→ Data section
----------------

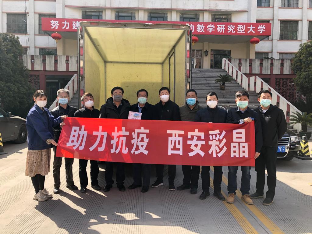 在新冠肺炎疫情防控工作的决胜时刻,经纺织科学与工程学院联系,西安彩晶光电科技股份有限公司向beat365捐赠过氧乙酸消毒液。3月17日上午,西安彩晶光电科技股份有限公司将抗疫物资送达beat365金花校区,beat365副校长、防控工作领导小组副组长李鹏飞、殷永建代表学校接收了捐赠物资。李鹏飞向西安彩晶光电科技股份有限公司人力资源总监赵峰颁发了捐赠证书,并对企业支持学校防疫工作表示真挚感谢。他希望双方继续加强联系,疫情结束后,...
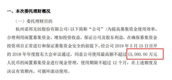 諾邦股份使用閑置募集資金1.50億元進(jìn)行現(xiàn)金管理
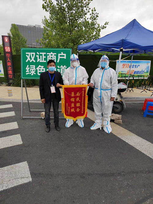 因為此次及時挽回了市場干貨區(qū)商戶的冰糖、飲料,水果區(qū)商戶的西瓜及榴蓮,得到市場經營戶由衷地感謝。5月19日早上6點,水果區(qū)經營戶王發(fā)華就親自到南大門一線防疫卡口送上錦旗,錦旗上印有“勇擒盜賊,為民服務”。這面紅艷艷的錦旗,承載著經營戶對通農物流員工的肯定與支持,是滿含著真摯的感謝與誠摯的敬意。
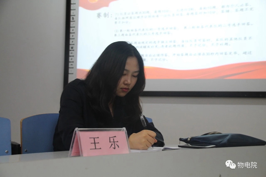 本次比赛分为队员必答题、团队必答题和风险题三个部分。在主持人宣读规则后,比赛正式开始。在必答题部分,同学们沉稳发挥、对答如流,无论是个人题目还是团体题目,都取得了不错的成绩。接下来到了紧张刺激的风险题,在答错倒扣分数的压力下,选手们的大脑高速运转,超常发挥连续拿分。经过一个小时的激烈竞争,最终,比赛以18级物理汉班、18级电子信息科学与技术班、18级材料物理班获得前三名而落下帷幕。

----------------

→ Task requirements
Once the line containing "因為此次及時挽回了市場干貨區" is found, write it out exactly along with every line after it through the end of the listing, excluding pictures.

→ Written reply
 因為此次及時挽回了市場干貨區(qū)商戶的冰糖、飲料,水果區(qū)商戶的西瓜及榴蓮,得到市場經營戶由衷地感謝。5月19日早上6點,水果區(qū)經營戶王發(fā)華就親自到南大門一線防疫卡口送上錦旗,錦旗上印有“勇擒盜賊,為民服務”。這面紅艷艷的錦旗,承載著經營戶對通農物流員工的肯定與支持,是滿含著真摯的感謝與誠摯的敬意。
 本次比赛分为队员必答题、团队必答题和风险题三个部分。在主持人宣读规则后,比赛正式开始。在必答题部分,同学们沉稳发挥、对答如流,无论是个人题目还是团体题目,都取得了不错的成绩。接下来到了紧张刺激的风险题,在答错倒扣分数的压力下,选手们的大脑高速运转,超常发挥连续拿分。经过一个小时的激烈竞争,最终,比赛以18级物理汉班、18级电子信息科学与技术班、18级材料物理班获得前三名而落下帷幕。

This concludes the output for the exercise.